Supplied data ::
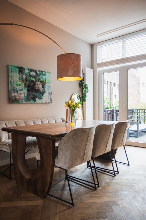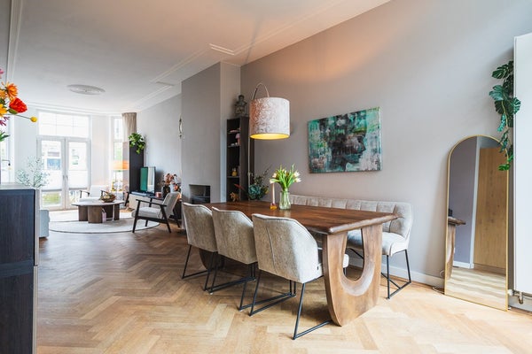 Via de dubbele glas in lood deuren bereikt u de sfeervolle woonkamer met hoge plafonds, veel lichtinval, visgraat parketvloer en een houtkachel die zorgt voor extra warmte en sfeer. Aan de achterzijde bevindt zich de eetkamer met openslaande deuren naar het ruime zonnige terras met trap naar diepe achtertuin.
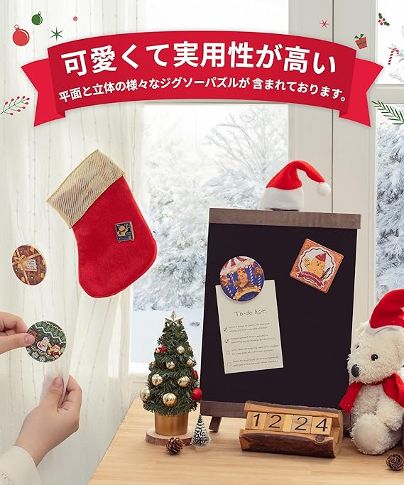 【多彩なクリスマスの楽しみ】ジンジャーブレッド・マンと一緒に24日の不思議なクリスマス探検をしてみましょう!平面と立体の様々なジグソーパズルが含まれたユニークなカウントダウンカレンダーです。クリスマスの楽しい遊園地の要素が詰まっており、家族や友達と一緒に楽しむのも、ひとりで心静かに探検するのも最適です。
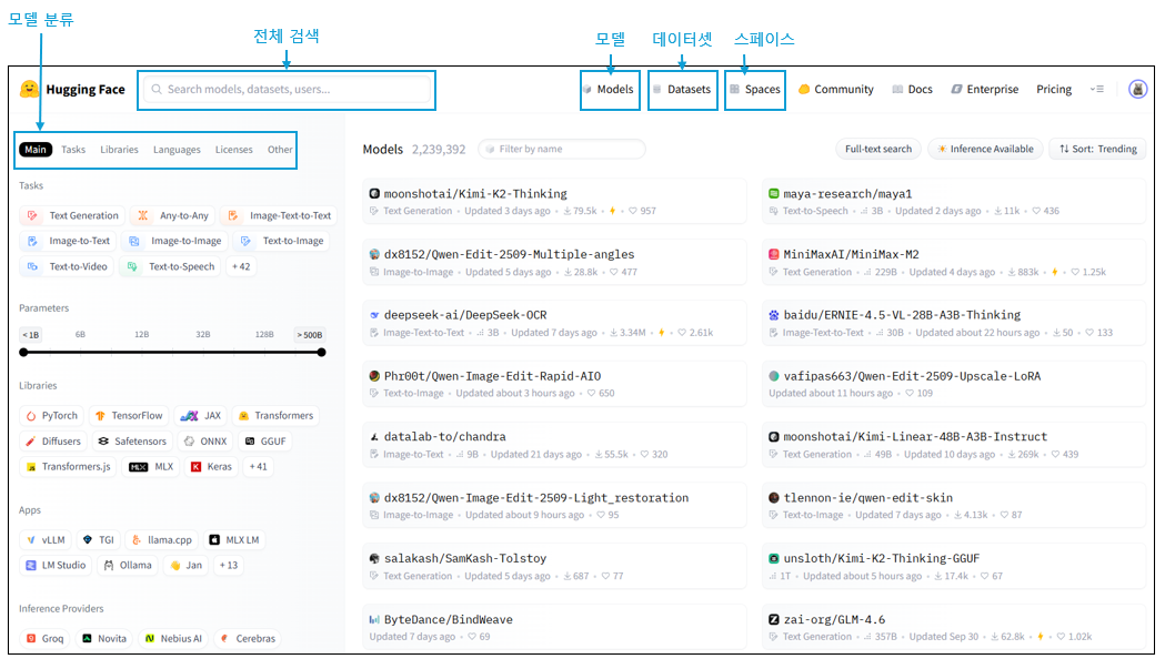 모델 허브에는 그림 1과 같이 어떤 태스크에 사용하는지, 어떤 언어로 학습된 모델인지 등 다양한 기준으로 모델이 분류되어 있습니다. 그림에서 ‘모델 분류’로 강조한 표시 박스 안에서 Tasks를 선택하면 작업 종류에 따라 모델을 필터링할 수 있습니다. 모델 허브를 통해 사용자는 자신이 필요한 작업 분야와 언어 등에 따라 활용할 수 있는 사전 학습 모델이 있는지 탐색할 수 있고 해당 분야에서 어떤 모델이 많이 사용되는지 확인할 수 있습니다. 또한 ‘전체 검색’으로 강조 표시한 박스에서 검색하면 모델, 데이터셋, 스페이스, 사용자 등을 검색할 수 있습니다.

==

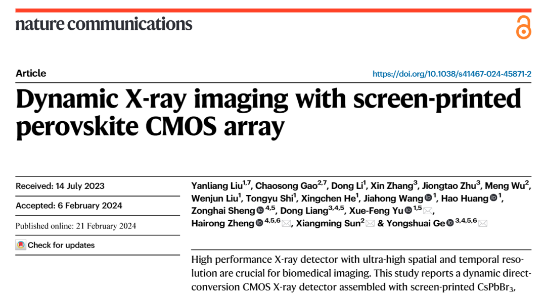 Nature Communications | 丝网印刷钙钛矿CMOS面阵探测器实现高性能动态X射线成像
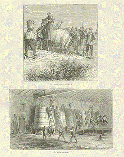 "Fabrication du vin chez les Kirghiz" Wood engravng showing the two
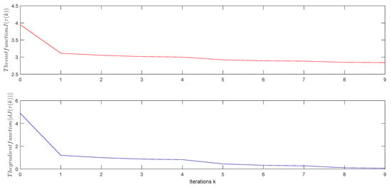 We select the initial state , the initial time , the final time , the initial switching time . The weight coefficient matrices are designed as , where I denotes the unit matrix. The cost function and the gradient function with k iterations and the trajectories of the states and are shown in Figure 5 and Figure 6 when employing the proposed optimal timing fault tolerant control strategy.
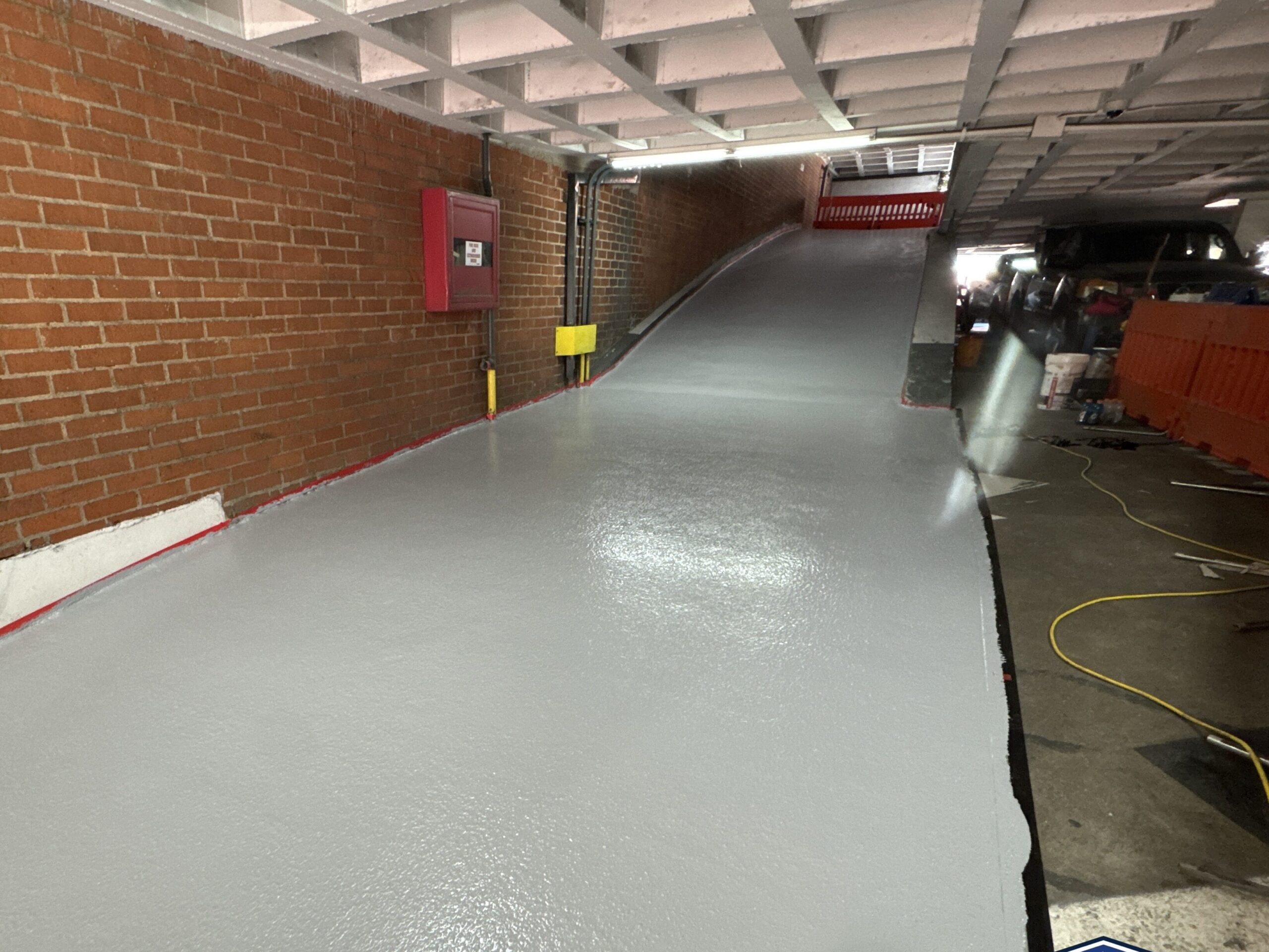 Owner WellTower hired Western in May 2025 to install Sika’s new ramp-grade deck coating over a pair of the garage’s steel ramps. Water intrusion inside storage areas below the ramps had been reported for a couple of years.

About this exercise :: Return the lines above from the one with "Nature Communications |" through the one with "showing the two", verbatim and nothing else. Omit every picture.

Answer area ::
 Nature Communications | 丝网印刷钙钛矿CMOS面阵探测器实现高性能动态X射线成像
 "Fabrication du vin chez les Kirghiz" Wood engravng showing the two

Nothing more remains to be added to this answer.